Ce 2 avril, la Libye a annoncé la fermeture des bureaux de dix organisations humanitaires internationales, dont « Médecins Sans Frontières » (MSF) et « Terre des Hommes », accusées par les autorités libyennes de chercher à « installer des migrants » originaires d’Afrique subsaharienne sur son territoire. Cette décision survient dans un contexte de tensions croissantes entre la Libye et les ONG internationales opérant sur le terrain, des accusations graves de « complot international » étant portées contre ces organisations.
Les autorités libyennes ont dénoncé une tentative de « porter atteinte à l’intégrité de l’État et à sa sécurité intérieure », accusant les ONG de mener une « action hostile » visant à changer la composition démographique du pays. Le porte-parole de l’Autorité de sécurité intérieure, Salem Gheith, a ajouté que l’Union européenne avait déjà tenté d’agir de cette manière sous l’ancien régime de Mouammar Kadhafi, et que, depuis sa chute en 2011, l’UE aurait recours aux ONG pour mener à bien ce projet.
Les ONG visées incluent des acteurs humanitaires bien établis, tels que le Haut-commissariat aux réfugiés (HCR) de l’ONU, le Conseil norvégien pour les réfugiés (NRC), Médecins Sans Frontières et l’organisation française Terre des Hommes. Selon les autorités libyennes, ces organisations se livreraient à des activités de « trafic de migrants » et de « blanchiment d’argent » sous couvert d’aide humanitaire.

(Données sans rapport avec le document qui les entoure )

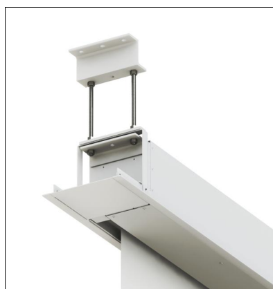
Mounting set for installation is included in delivery

Cette action de fermeture des bureaux a été rapidement suivie par des accusations d’une « campagne de répression » à l’encontre des ONG et des travailleurs humanitaires. Plusieurs ambassadeurs européens et un représentant de l’ONU ont exprimé leur inquiétude dans une lettre adressée au ministre des Affaires étrangères libyen. Datée du 27 mars, cette lettre déplore la convocation arbitraire de membres du personnel d’ONG, certains ayant été privés de leurs passeports. Les diplomates ont appelé les autorités libyennes à permettre la reprise des opérations humanitaires dès que possible, soulignant que l’arrêt de ces activités serait catastrophique pour la population en détresse.
Depuis la révolution de 2011 et la chute du régime Kadhafi, la Libye est plongée dans une grave instabilité politique, divisée entre plusieurs factions rivales. La situation de chaos a favorisé le développement de réseaux clandestins, utilisés par des passeurs et trafiquants pour acheminer des migrants vers l’Europe. Selon l’Organisation internationale pour les migrations (OIM), entre 700 000 et 1 million de migrants se trouvent actuellement en Libye, bien que les autorités libyennes estiment que ce nombre est sous-évalué.
Les autorités libyennes ont de nouveau accusé les organisations internationales de contribuer à ce problème en encourageant l’arrivée de migrants sur leur territoire. Elles affirment qu’après la chute de Kadhafi, l’UE aurait cherché de nouvelles méthodes pour parvenir à ses fins, et que les ONG en seraient désormais les instruments. Cependant, ces accusations sont vivement contestées par la communauté internationale, qui craint que les mesures prises par la Libye n’aggravent la situation déjà précaire des migrants présents dans le pays.
L’impact de cette décision pourrait être dévastateur pour des milliers de personnes qui dépendent de l’aide humanitaire dans le pays. Des millions de Libyens et de migrants sont dans une situation d’urgence humanitaire, et cette suspension d’activités risque d’entraîner une aggravation des conditions de vie, déjà extrêmement difficiles. Les observateurs internationaux redoutent une crise humanitaire encore plus importante si la Libye persiste dans sa répression des organisations qui fournissent une aide essentielle à ceux qui en ont besoin.